ACTION ITEM -
The expected answer is a verbatim transcription of the lines below, beginning with the first and ending with the line that holds "(文章来源:界面新闻) (责任编辑:迷你学人) |", without pictures.

BEGIN EXTRACTED RECORDS

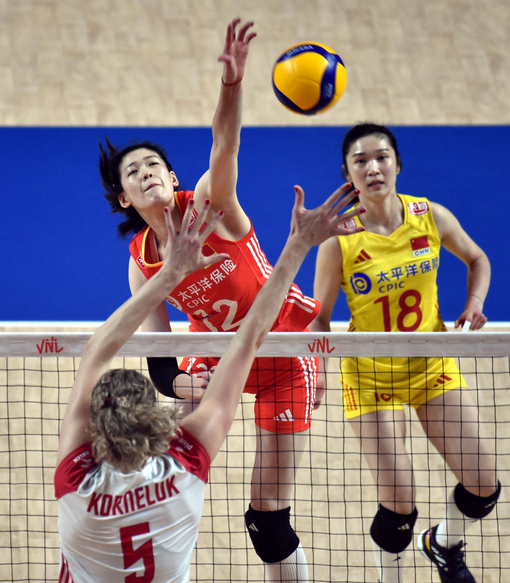 6月16日,中國(guó)隊(duì)球員袁心玥(中)在比賽中吊球。新華社記者 盧炳輝 攝
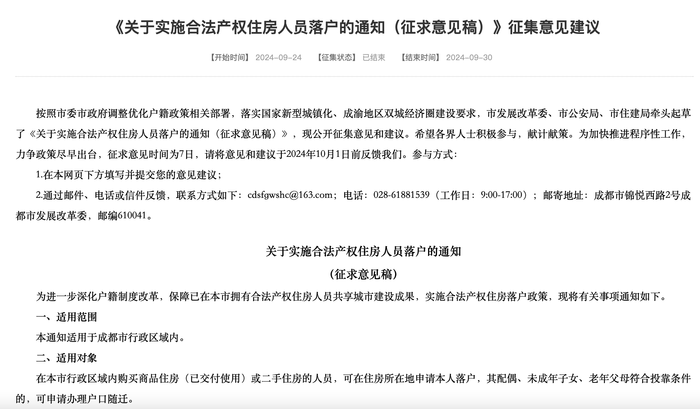 日前,成都市《关于实施合法产权住房人员落户的通知(征求意见稿)》完成了意见征集。 ![]() 《征求意见稿》中提到,在本市行政区域内购买商品住房(已交付使用)或二手住房的人员,可在住房所在地申请本人落户,其配偶、未成年子女、老年父母符合投靠条件的,可申请办理户口随迁。通知具体实施日期尚未公布。 以下为《征求意见稿》全文: 为进一步深化户籍制度改革,保障已在本市拥有合法产权住房人员共享城市建设成果,实施合法产权住房落户政策,现将有关事项通知如下。 一、适用范围 本通知适用于成都市行政区域内。 二、适用对象 在本市行政区域内购买商品住房(已交付使用)或二手住房的人员,可在住房所在地申请本人落户,其配偶、未成年子女、老年父母符合投靠条件的,可申请办理户口随迁。 三、办理要求 (一)本通知规定的住房是指通过购买方式取得合法所有权的住宅用房。 (二)申请材料 产权人应本人到场申请,并提供以下材料: 1﹒入户申请表; 2﹒产权人和入户人员的居民户口簿、居民身份证; 3﹒房屋信息查询记录; 4﹒《不动产权证书》或《房屋所有权证》或购房合同; 5﹒申请随迁的,提供关系佐证材料;如:结婚证、出生医学证明、独生子女证、收养证、亲子鉴定书等证件,法院裁决书、判决书等证明亲属关系的法律文书,档案管理机关加盖印章证明亲属关系的个人档案等。 6﹒房屋产权为两人及以上人员共有的,一并提交其他产权人同意落户声明和居民身份证。 (三)办理地点 线下办理:各区(市)县公安办证中心。 线上办理:“成都公安微户政”公众号可申请网上办理。 四、特殊情形 (一)未成年人单独购房,申请入户时至少有一位监护人同时迁移。 (二)非直系亲属共有同一套产权住房的,不适用本通知规定。 (三)除抵押登记外,其他被限制登记的住房不能申请办理购房入户。 五、工作职责 市发展改革委负责该项工作的统筹推进; 市公安局负责落户工作具体实施; 市住建局负责配合对购买住房的信息核验确认; 区(市)县政府(管委会)及其他相关部门按职责统筹考虑优化配置公共资源和服务保障。 六、本通知自2024年X月X日起施行,有效期3年。 特此通知。 (文章来源:界面新闻) (责任编辑:迷你学人) |
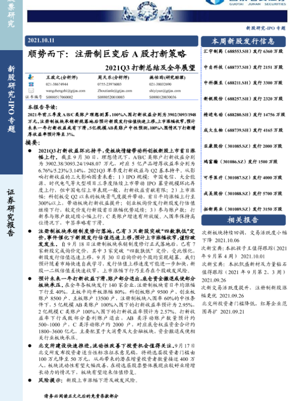 【国泰君安证券】【20211011】2021Q3打新总结及全年展望:顺势而下,注册制巨变后A股打新策略-25页 行业研究
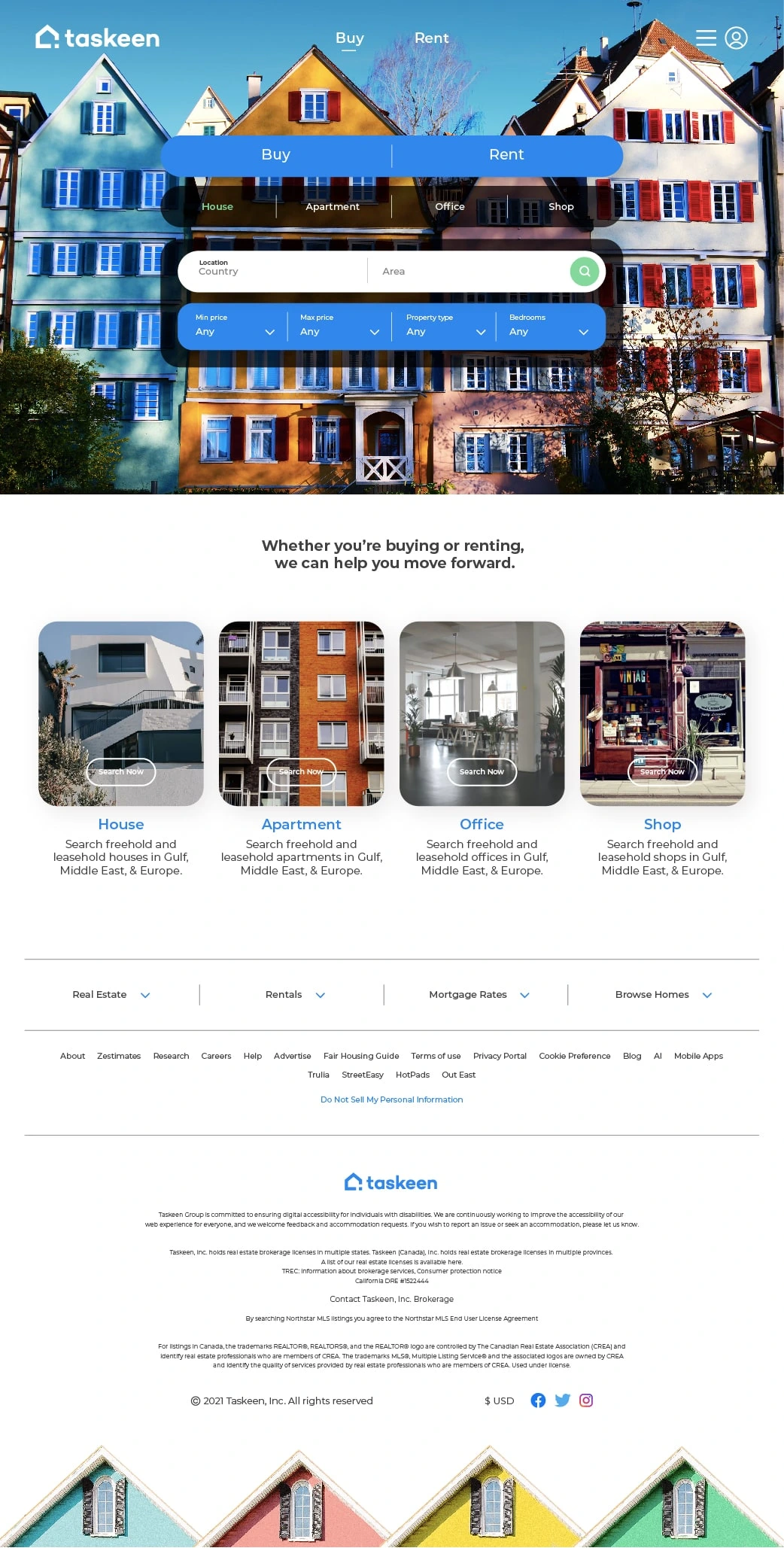 For this project, client wanted user friendly home page that is easy to navigate so I designed and developed the following page using framer. A comprehensive real estate landing page aimed at streamlining the property search experience across the Gulf, Middle East, and Europe. My primary goal was to balance a vibrant, welcoming aesthetic with a high-utility interface. I curated a bold, colorful hero section to evoke a sense of "home" and community, while implementing a centralized search hub that allows users to toggle seamlessly between buying and renting. By prioritizing clean typography and intuitive categorization, I ensured that users could navigate from broad exploration to specific property types, like houses, offices, or shops, in just a few clicks.
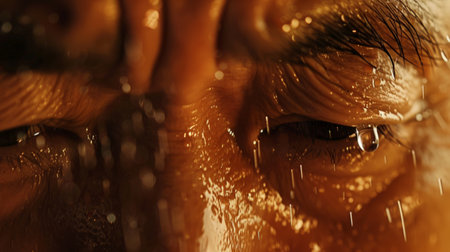 Person with sweat visible on the forehead and dripping down the face generative ai
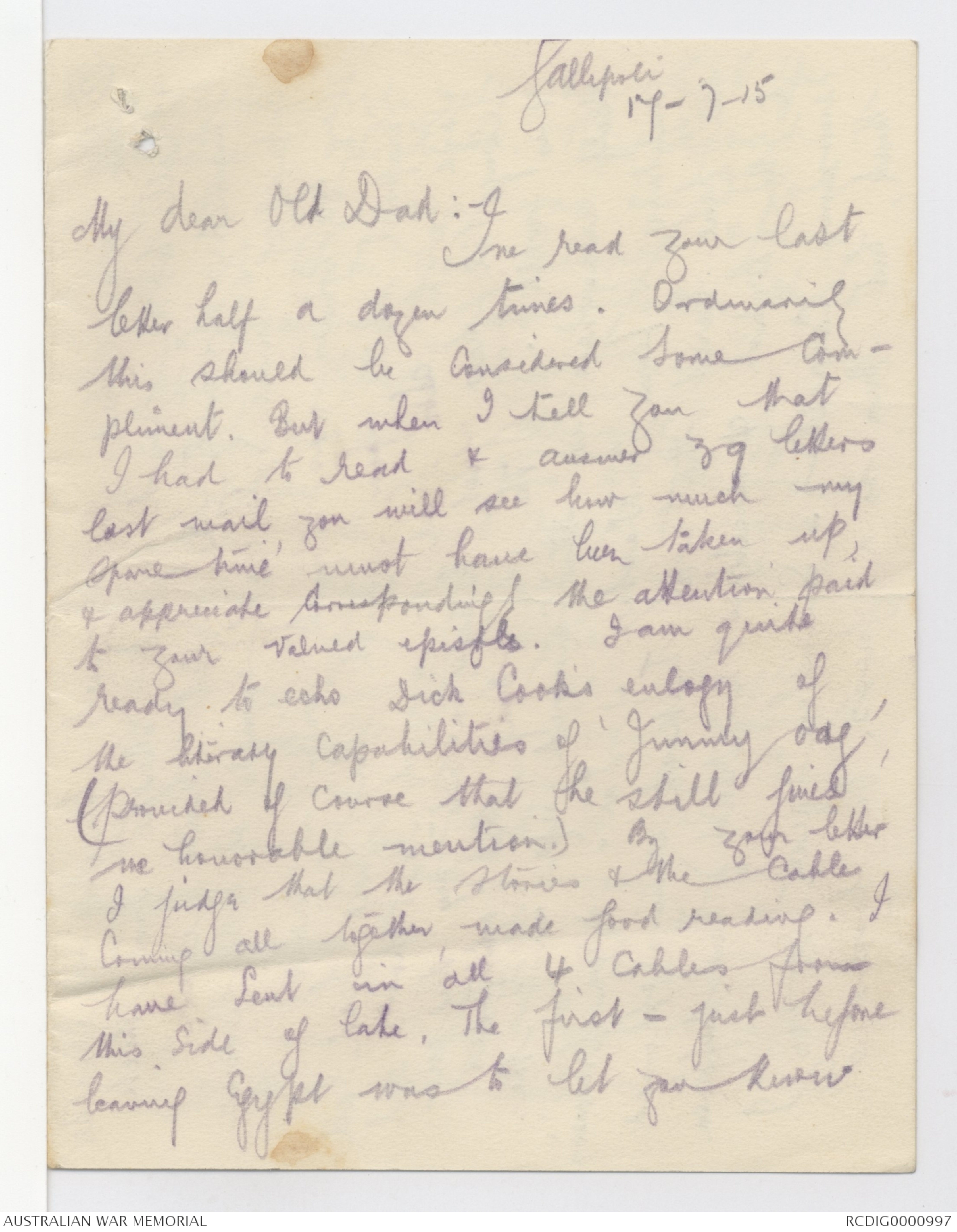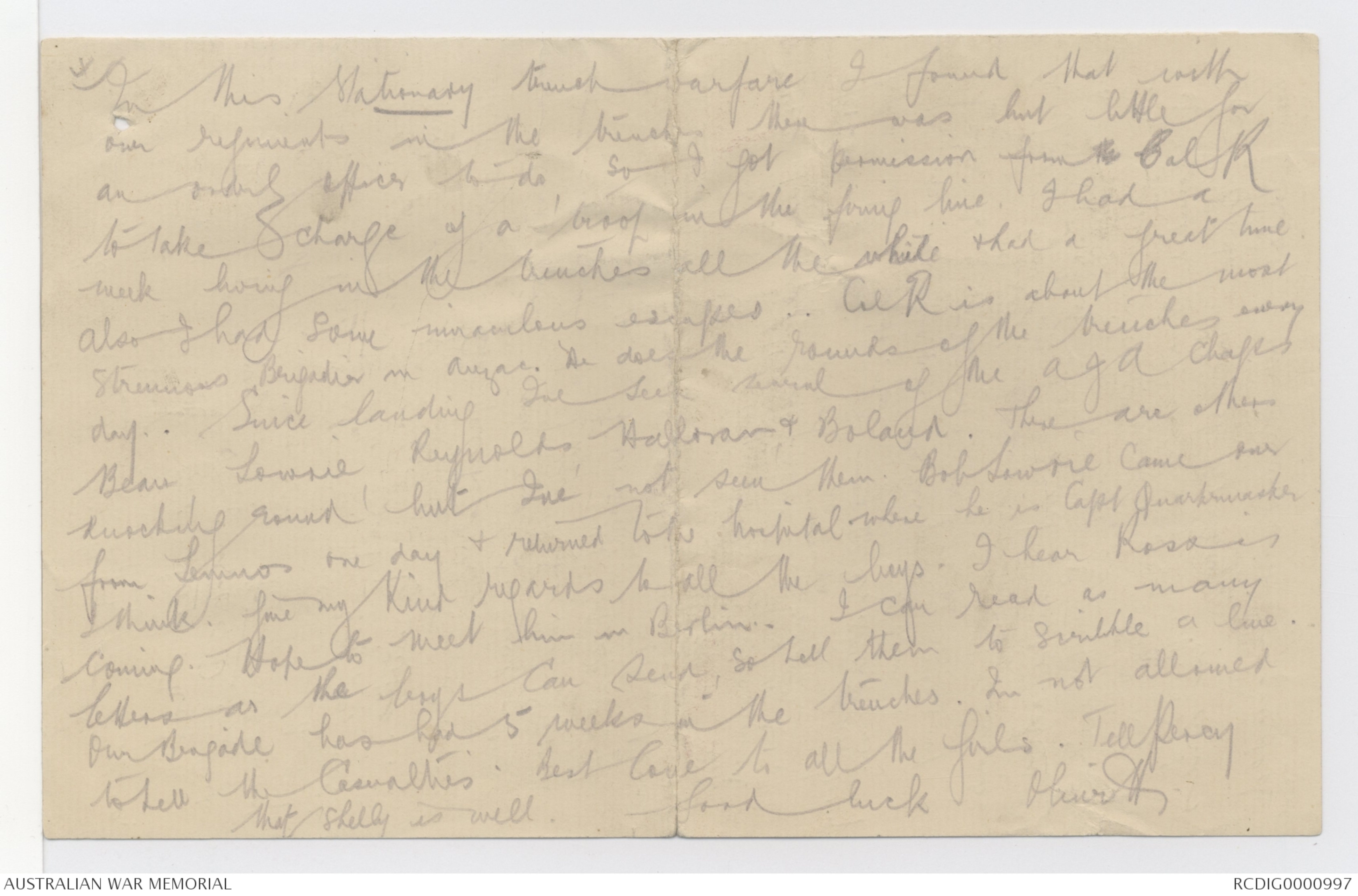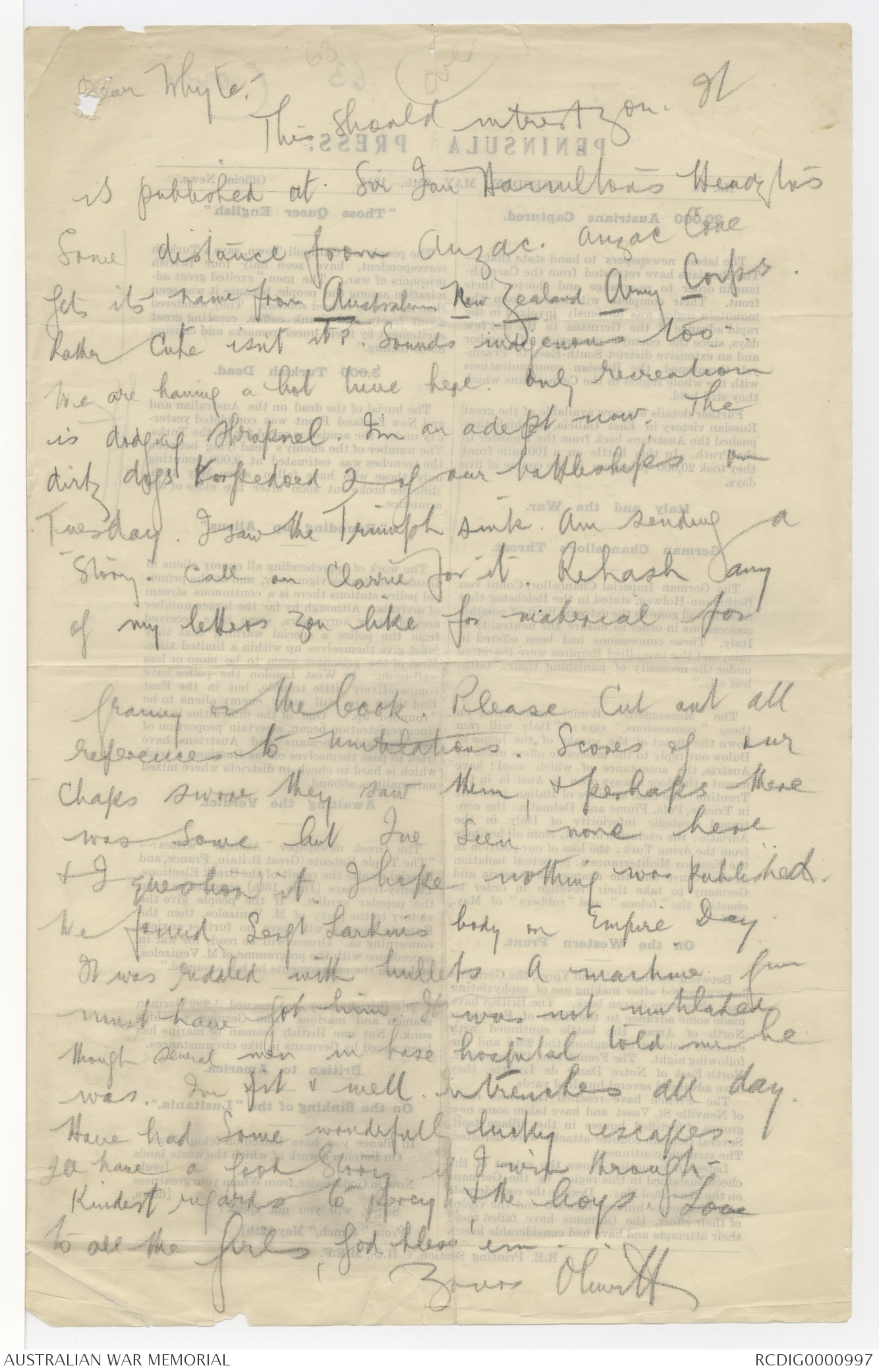 Letters relating to Oliver 'Trooper Bluegum' Hogue, 1915-1927 - Part 1
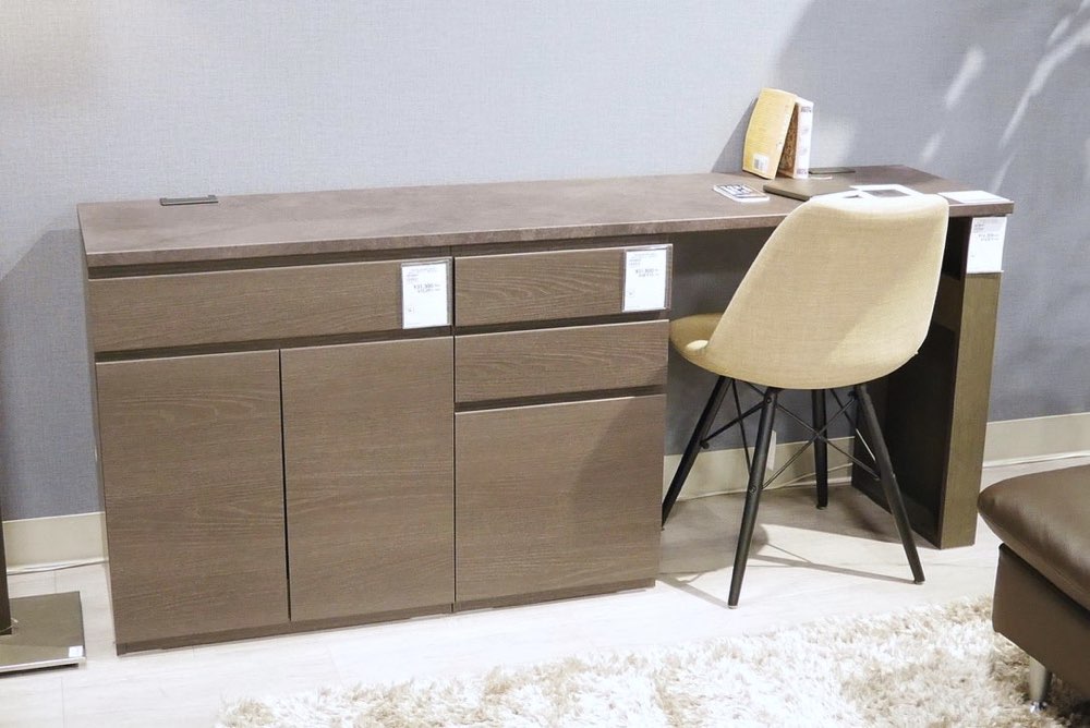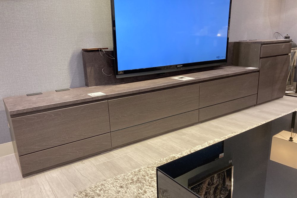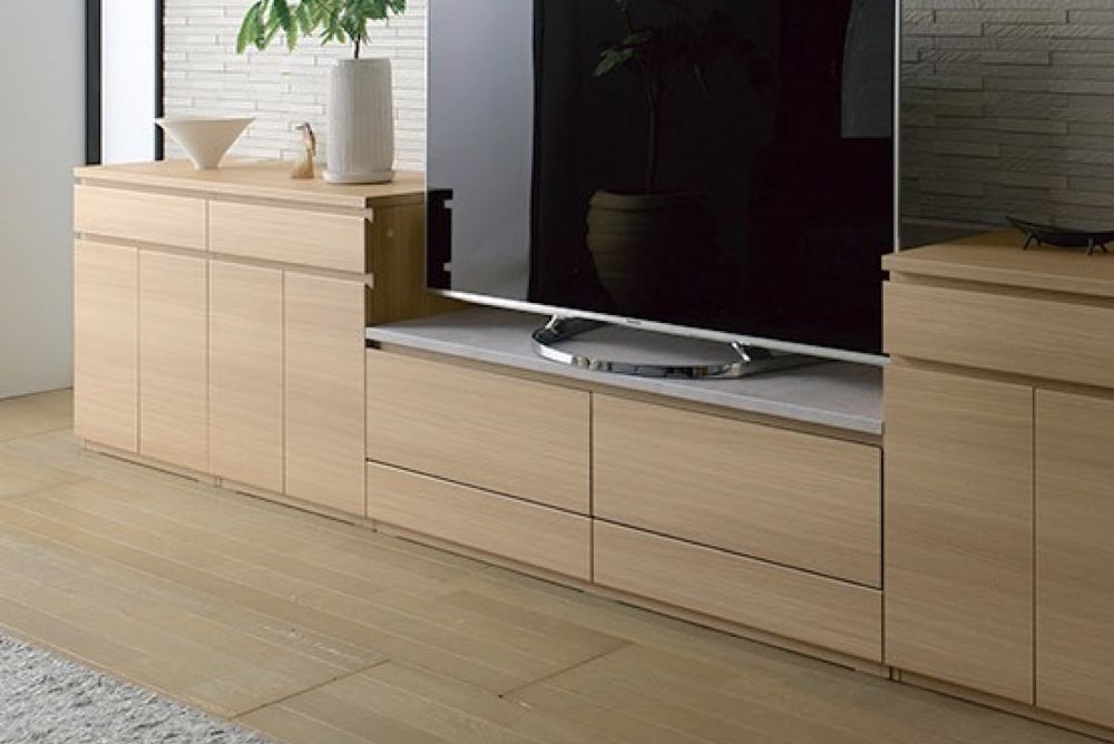 本体4色、天板6色から組み合わせを選ぶローボード。横幅240㎝まで対応で、大型TVも置くことができます。

END EXTRACTED RECORDS

RESULT OF THE EXERCISE -
 6月16日,中國(guó)隊(duì)球員袁心玥(中)在比賽中吊球。新華社記者 盧炳輝 攝
 日前,成都市《关于实施合法产权住房人员落户的通知(征求意见稿)》完成了意见征集。 ![]() 《征求意见稿》中提到,在本市行政区域内购买商品住房(已交付使用)或二手住房的人员,可在住房所在地申请本人落户,其配偶、未成年子女、老年父母符合投靠条件的,可申请办理户口随迁。通知具体实施日期尚未公布。 以下为《征求意见稿》全文: 为进一步深化户籍制度改革,保障已在本市拥有合法产权住房人员共享城市建设成果,实施合法产权住房落户政策,现将有关事项通知如下。 一、适用范围 本通知适用于成都市行政区域内。 二、适用对象 在本市行政区域内购买商品住房(已交付使用)或二手住房的人员,可在住房所在地申请本人落户,其配偶、未成年子女、老年父母符合投靠条件的,可申请办理户口随迁。 三、办理要求 (一)本通知规定的住房是指通过购买方式取得合法所有权的住宅用房。 (二)申请材料 产权人应本人到场申请,并提供以下材料: 1﹒入户申请表; 2﹒产权人和入户人员的居民户口簿、居民身份证; 3﹒房屋信息查询记录; 4﹒《不动产权证书》或《房屋所有权证》或购房合同; 5﹒申请随迁的,提供关系佐证材料;如:结婚证、出生医学证明、独生子女证、收养证、亲子鉴定书等证件,法院裁决书、判决书等证明亲属关系的法律文书,档案管理机关加盖印章证明亲属关系的个人档案等。 6﹒房屋产权为两人及以上人员共有的,一并提交其他产权人同意落户声明和居民身份证。 (三)办理地点 线下办理:各区(市)县公安办证中心。 线上办理:“成都公安微户政”公众号可申请网上办理。 四、特殊情形 (一)未成年人单独购房,申请入户时至少有一位监护人同时迁移。 (二)非直系亲属共有同一套产权住房的,不适用本通知规定。 (三)除抵押登记外,其他被限制登记的住房不能申请办理购房入户。 五、工作职责 市发展改革委负责该项工作的统筹推进; 市公安局负责落户工作具体实施; 市住建局负责配合对购买住房的信息核验确认; 区(市)县政府(管委会)及其他相关部门按职责统筹考虑优化配置公共资源和服务保障。 六、本通知自2024年X月X日起施行,有效期3年。 特此通知。 (文章来源:界面新闻) (责任编辑:迷你学人) |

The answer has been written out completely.